__TASK GOAL__:
In the records below, the relevant part opens with the line containing "This stunning silver" and closes with the line containing "Handsome happy man"; print that part exactly and only, without its pictures.

__TASK DATA__:
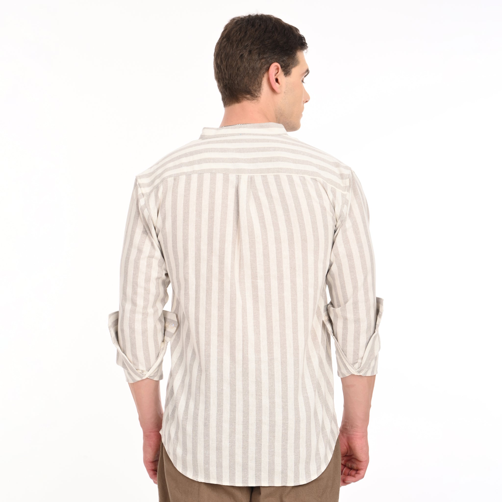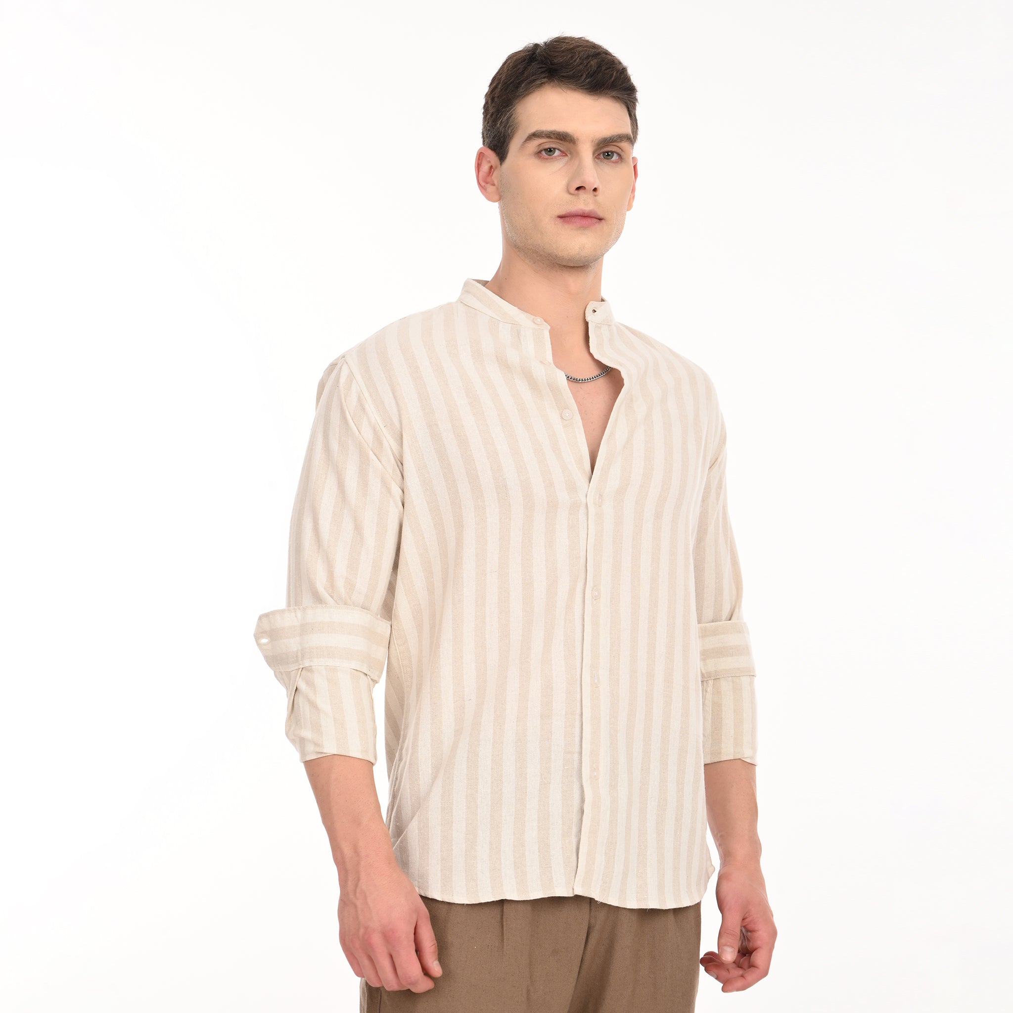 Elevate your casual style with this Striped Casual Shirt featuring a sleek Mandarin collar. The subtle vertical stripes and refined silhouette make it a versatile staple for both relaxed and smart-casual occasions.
...
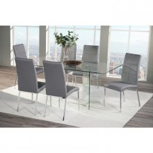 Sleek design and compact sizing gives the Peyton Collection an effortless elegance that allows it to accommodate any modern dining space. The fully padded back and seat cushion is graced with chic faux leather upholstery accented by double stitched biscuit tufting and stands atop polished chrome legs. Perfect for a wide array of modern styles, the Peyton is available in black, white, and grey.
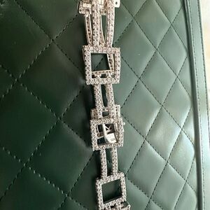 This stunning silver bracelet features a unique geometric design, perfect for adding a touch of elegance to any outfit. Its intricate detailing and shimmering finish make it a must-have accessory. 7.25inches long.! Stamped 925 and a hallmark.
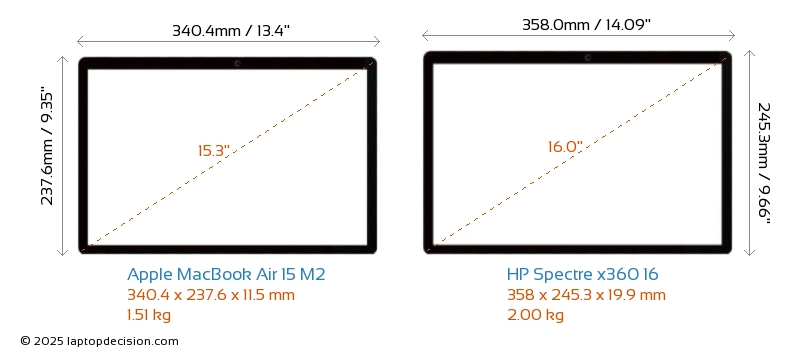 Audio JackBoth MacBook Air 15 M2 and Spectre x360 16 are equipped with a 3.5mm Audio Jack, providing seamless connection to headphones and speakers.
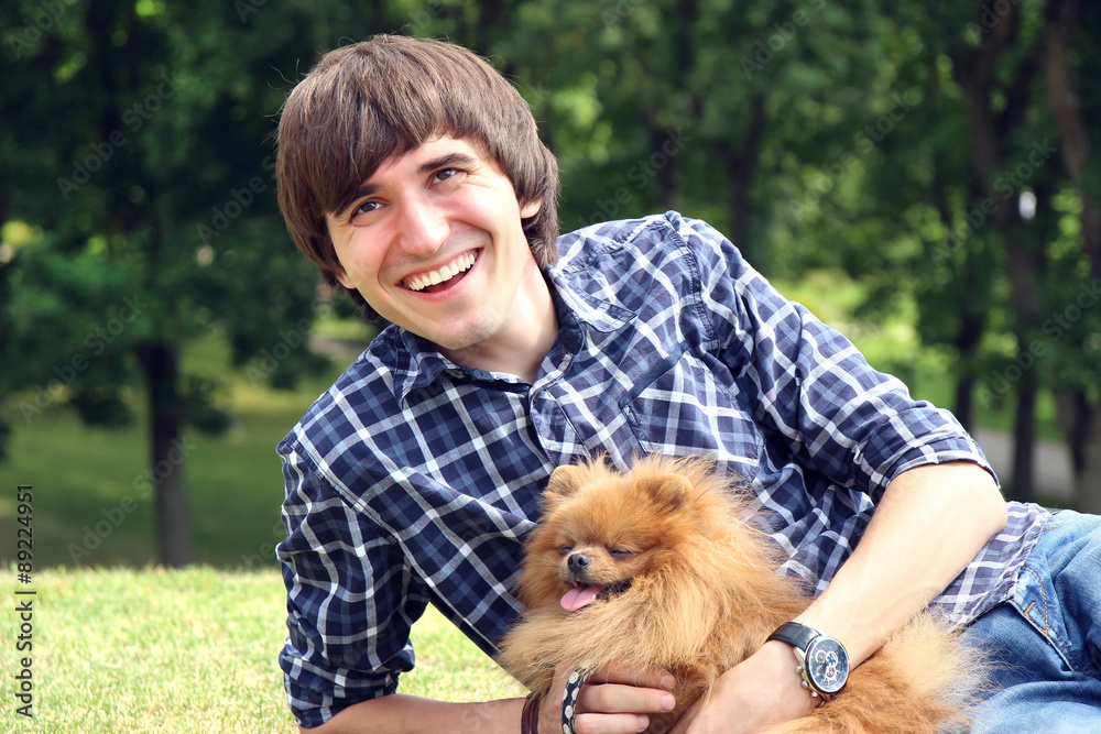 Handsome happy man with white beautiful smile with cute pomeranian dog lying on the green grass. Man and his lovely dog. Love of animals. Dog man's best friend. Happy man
==
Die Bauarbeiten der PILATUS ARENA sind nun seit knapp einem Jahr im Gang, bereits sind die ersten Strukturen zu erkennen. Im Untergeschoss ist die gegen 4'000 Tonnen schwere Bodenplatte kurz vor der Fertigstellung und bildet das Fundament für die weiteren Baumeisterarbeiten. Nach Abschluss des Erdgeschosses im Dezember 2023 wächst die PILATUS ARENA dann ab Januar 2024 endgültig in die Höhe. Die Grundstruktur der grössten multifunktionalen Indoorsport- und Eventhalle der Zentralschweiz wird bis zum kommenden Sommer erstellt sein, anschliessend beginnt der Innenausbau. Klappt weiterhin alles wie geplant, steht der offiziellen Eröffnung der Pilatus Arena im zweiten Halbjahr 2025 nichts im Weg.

__RESULT FOR THIS EXERCISE__:
 This stunning silver bracelet features a unique geometric design, perfect for adding a touch of elegance to any outfit. Its intricate detailing and shimmering finish make it a must-have accessory. 7.25inches long.! Stamped 925 and a hallmark.
 Audio JackBoth MacBook Air 15 M2 and Spectre x360 16 are equipped with a 3.5mm Audio Jack, providing seamless connection to headphones and speakers.
 Handsome happy man with white beautiful smile with cute pomeranian dog lying on the green grass. Man and his lovely dog. Love of animals. Dog man's best friend. Happy man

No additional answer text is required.